Change is inevitable. I think someone famous said that but I don’t know who.
Sometimes change is super easy. Like changing my hair color. After being dark blonde most of my life, I went to an auburn awhile ago. I have gotten more nice comments on this one little change and it gives me a whole new boost to my confidence. The fact that my brother-in-law noticed AND commented cemented my decision.
Sometimes change is good thing. Like changing my job. I did transcription for 18 years, and I was damn good at it if I do say so myself. In the last few months, though, I was getting...bored isn’t the right word because there was something new every day. Jaded isn’t really the right word either. Yeesh, you’d think a communications major could come up with the right word.
Whatever the word, I just wasn’t feeling it any more. I realized that was bad for me and bad for Mayo. So I made the decision to make a change and lucked into a job that I think will suit both me and Mayo much better.

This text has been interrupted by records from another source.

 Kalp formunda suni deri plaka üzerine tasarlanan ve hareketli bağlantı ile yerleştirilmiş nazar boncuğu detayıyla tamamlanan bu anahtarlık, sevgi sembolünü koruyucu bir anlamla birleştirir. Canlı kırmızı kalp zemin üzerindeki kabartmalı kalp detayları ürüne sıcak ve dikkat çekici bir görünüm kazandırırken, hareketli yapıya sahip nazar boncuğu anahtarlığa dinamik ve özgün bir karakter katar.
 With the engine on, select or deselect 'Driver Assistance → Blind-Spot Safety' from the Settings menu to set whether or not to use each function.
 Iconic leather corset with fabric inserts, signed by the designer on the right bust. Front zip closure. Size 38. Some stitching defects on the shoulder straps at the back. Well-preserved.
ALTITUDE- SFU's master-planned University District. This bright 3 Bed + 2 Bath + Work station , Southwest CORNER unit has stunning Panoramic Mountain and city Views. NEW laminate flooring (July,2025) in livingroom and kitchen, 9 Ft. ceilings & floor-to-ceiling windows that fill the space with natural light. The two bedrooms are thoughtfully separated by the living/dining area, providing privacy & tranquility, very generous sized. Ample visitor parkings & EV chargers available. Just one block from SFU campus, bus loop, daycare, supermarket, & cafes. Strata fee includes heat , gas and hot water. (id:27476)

Good change can still be scary, though. When I got the call offering me my new position, I was holding the phone and doing a happy dance around my office. Ask Captain, he saw it. After I hung up the phone and pulled Captain into the happy dance for a few seconds, it hit me like a ton of brick: oh crap, what did I just do?

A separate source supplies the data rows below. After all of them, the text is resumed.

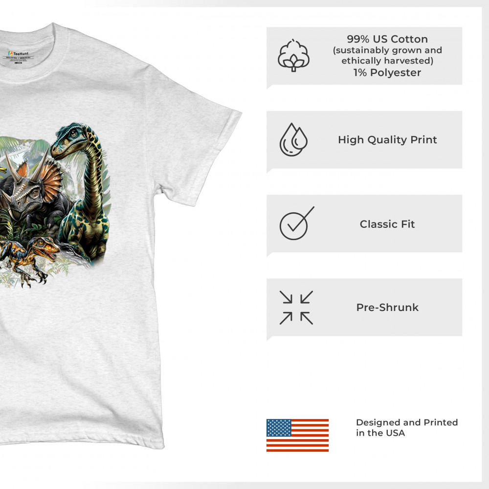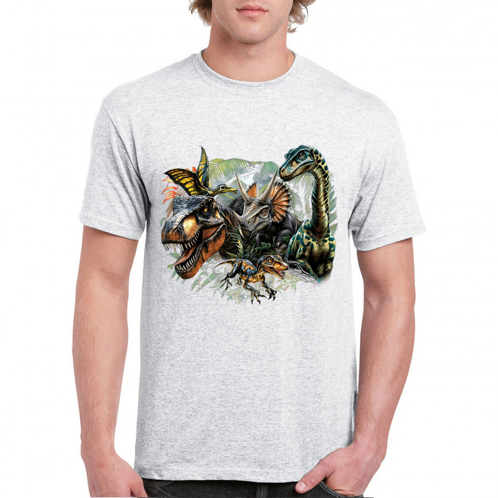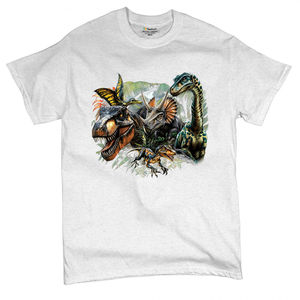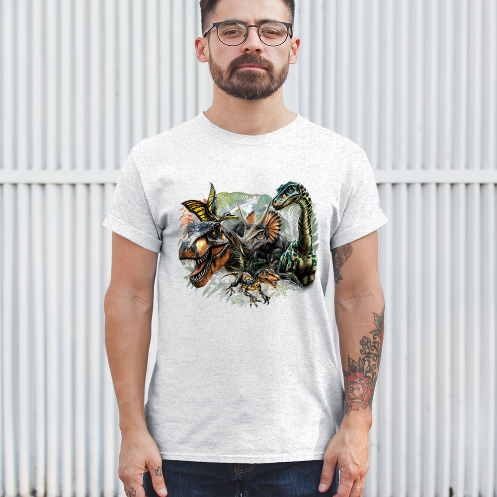 Get prehistoric with this electrifying design featuring a full dino squad in vibrant jungle detail. Includes t rex, triceratops, raptor, brachiosaurus, and pteranodon, all surrounded by tropical foliage. A perfect pick for dinosaur fans, fossil hunters, Jurassic birthday parties, or anyone who loves bold, wild, nature-themed art.
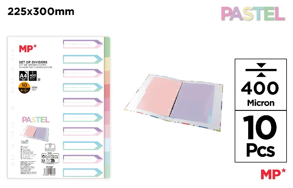 INTERCALAIRES 10 COULEURS PASTEL A4
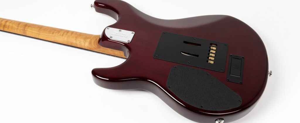 オクメボディがもたらす軽量でレスポンスに優れた鳴りに、高光沢ポリエステル仕上げのメイプルトップが明瞭なアタックと適度なハリを付与する構成です。

Anyone who has taken a new position has those thoughts of What if I can’t do this job? What if I don’t like it? What if I fail? Or maybe that’s just me. It’s hard to leave the familiar even when the familiar isn’t the right thing anymore, but somehow each person knows when it is time to make that change. It is usually only after making a change that I realize HOW right it was.
I can say with complete confidence that I am going to love my new job. It’s so vastly different from what I’ve done, so that’s a challenge. However, I am doing it within the familiarity of the department I have been in for years so that’s a comfort.

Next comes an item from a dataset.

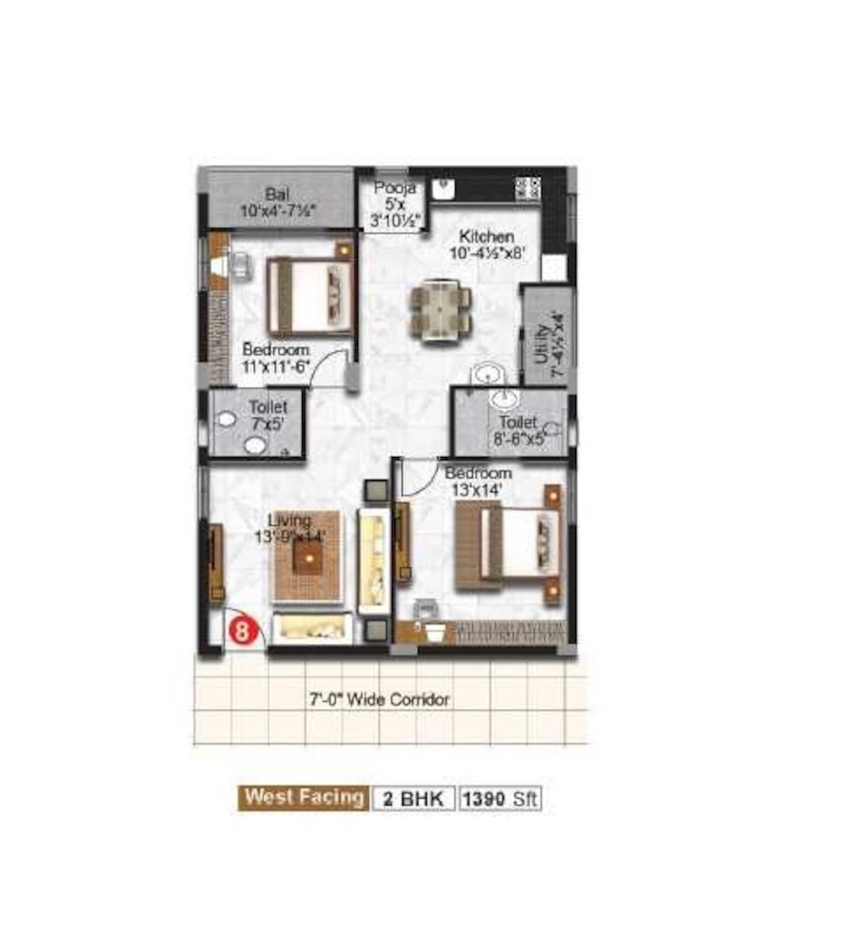70 units - 2 BHK, 39 units - 3 BHK in 1 tower
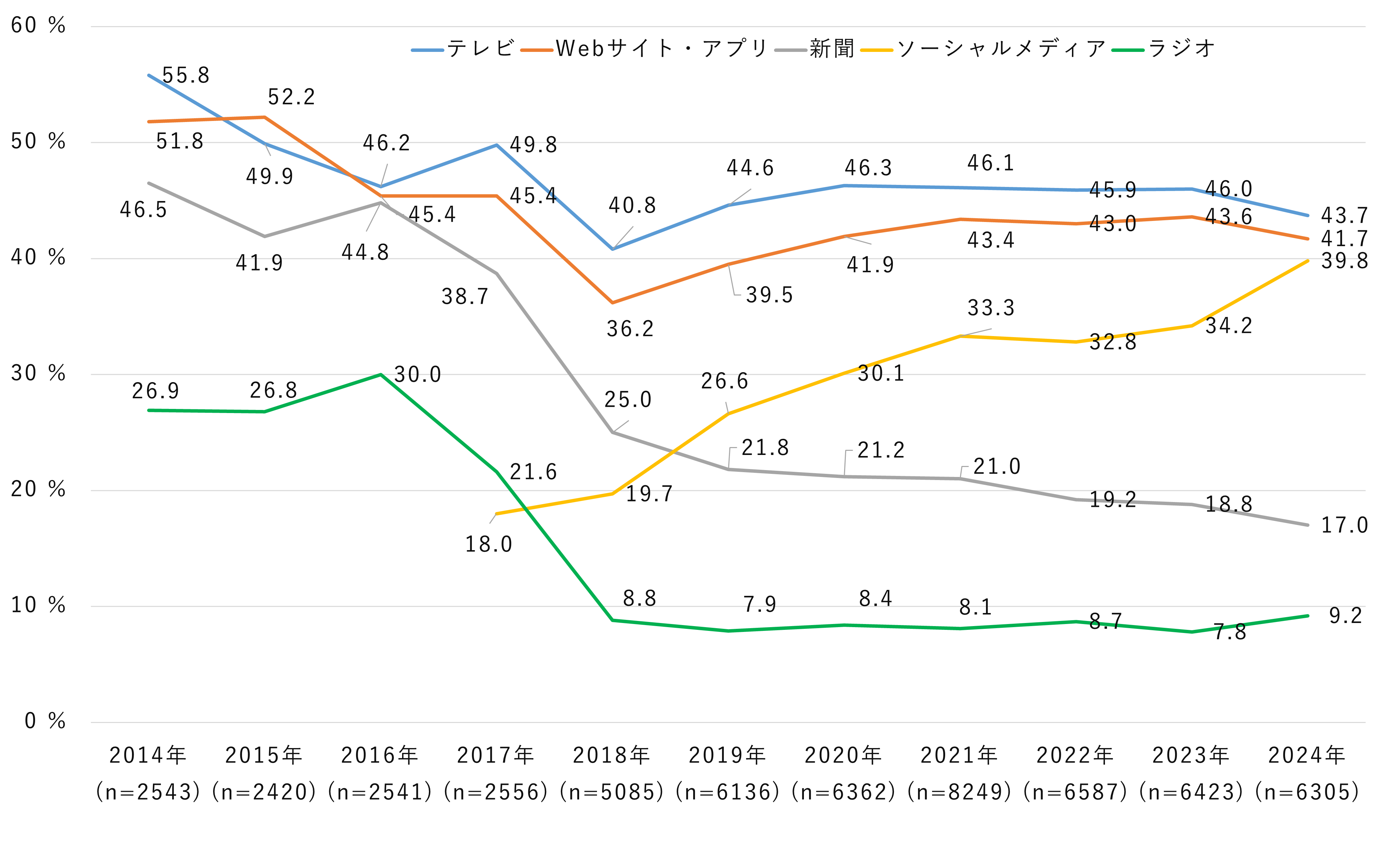 図1. 生活情報(趣味やお買い得情報など)を得ているメディア利用率の推移(2014年~2024年)

Sometimes change is...well, it’s just a crap load of suckage. That kind of change is usually the thing that we have absolutely no control over. It’s when life throws you for a loop when you were least expecting it.
Like a funeral for a beloved family member.
We are going to bury my uncle Roger today, changing the lives of the wife, children, grandchildren, and great-grandchildren he leaves behind because a familiar piece of their family will be missing. And yet, he will live on in those very people left behind, and I know that they will always honor and respect the man he was, the life he lived, and the changes that made their family what it is.
My cousin, Dean, gave a very eloquent eulogy that pegged Roger to a tee. There was some humor, there were some tears, and above all there was a deep and abiding love. Once I get a copy of it, I will append it to this post and repost it because it is worth sharing.
To do my part in honoring Roger's memory, I will spend some time this weekend going through photos from our wedding day from the ceremony, reception, happy hour, and dance. Photos that were part of our wedding gift from Roger--a semi-pro photographer--and his wife. I’m talking hundreds of photos, taken at a time when you had to pay to have prints processed. It was an amazing gift that I will cherish now more than ever.
The serenity prayer was deeply meaningful to Roger, and it is all about change and how to deal with it. It’s always been a favorite of mine as well, and now I will always think of him when I see it or say it.
Change is inevitable. It’s how we handle the change that determines if it was a good thing or a bad thing.